═════ Material supplied
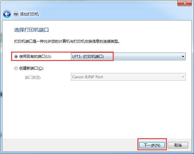 5.选择打印机端口,现阶段使用的端口,单击【下一步】
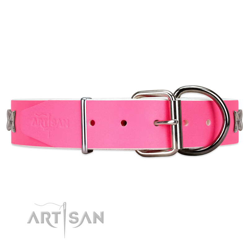 will serve you a long time. Chrome-plated steel hardware is rustproof and adds extraordinary beauty to the collar. This leather dog collar is stylish, fashionable, and comfortable. In addition, this FDT Artisan Pink Leather Dog Collar is easily adjustable, serviceable and functional. It is hard to find all these demandable qualities in any another dog collar. This amazing
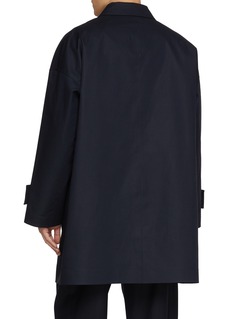 An evolution of the Mackintosh’s signature overcoat, this Humbie iteration reinterprets its sweeping A-line silhouette with a crisp Raintec cotton shell that holds structure and repels the elements. Its pared-back lines meet subtle modernity through cuff adjusters and rivet-punctuated flap pockets—an easy complement to tailoring and off-duty layers alike.
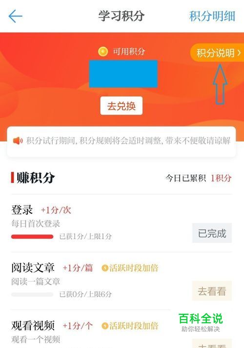 第二步:在积分界面,点击右上角“积分说明”可以看到详细的说明,下面分项具体介绍一下。
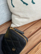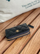 cc zipped wallet 7.5cm black caviar gold hardware
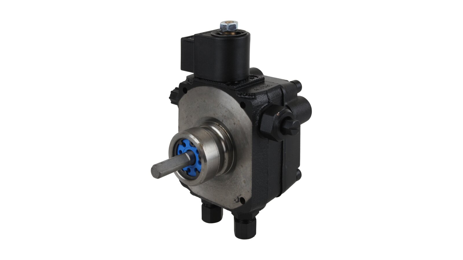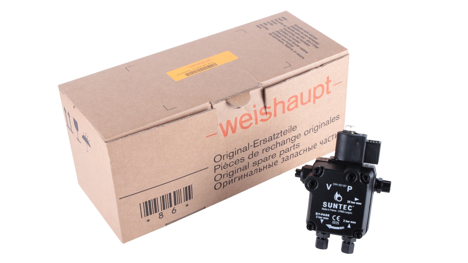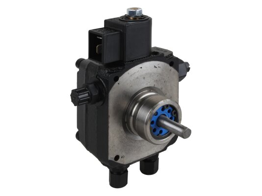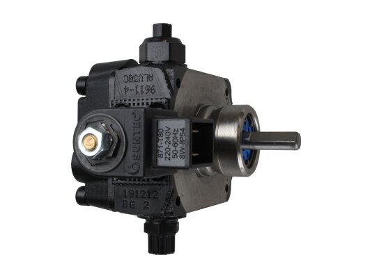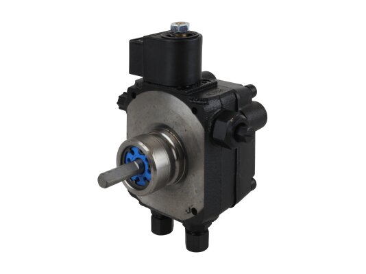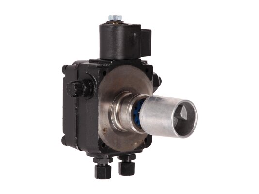 The Weishaupt AL V 30 C 9611 4P 0700 burner pump with fittings, art: 24120006082, can pump diesel and biodiesel fuel. Equipped with a locking solenoid valve with a shut-off function. It is used in single-stage burners with or without a return line. The feed pressure is adjustable in the range of 4-18 bar, factory set to 9 bar. It is installed in WL20 burners.
══════════
- _Exercise objective_
Each entry is to be written out again word for word, and any pictures are to be omitted.

- _Output for this task_
 5.选择打印机端口,现阶段使用的端口,单击【下一步】
 will serve you a long time. Chrome-plated steel hardware is rustproof and adds extraordinary beauty to the collar. This leather dog collar is stylish, fashionable, and comfortable. In addition, this FDT Artisan Pink Leather Dog Collar is easily adjustable, serviceable and functional. It is hard to find all these demandable qualities in any another dog collar. This amazing
 An evolution of the Mackintosh’s signature overcoat, this Humbie iteration reinterprets its sweeping A-line silhouette with a crisp Raintec cotton shell that holds structure and repels the elements. Its pared-back lines meet subtle modernity through cuff adjusters and rivet-punctuated flap pockets—an easy complement to tailoring and off-duty layers alike.
 第二步:在积分界面,点击右上角“积分说明”可以看到详细的说明,下面分项具体介绍一下。
 cc zipped wallet 7.5cm black caviar gold hardware
 The Weishaupt AL V 30 C 9611 4P 0700 burner pump with fittings, art: 24120006082, can pump diesel and biodiesel fuel. Equipped with a locking solenoid valve with a shut-off function. It is used in single-stage burners with or without a return line. The feed pressure is adjustable in the range of 4-18 bar, factory set to 9 bar. It is installed in WL20 burners.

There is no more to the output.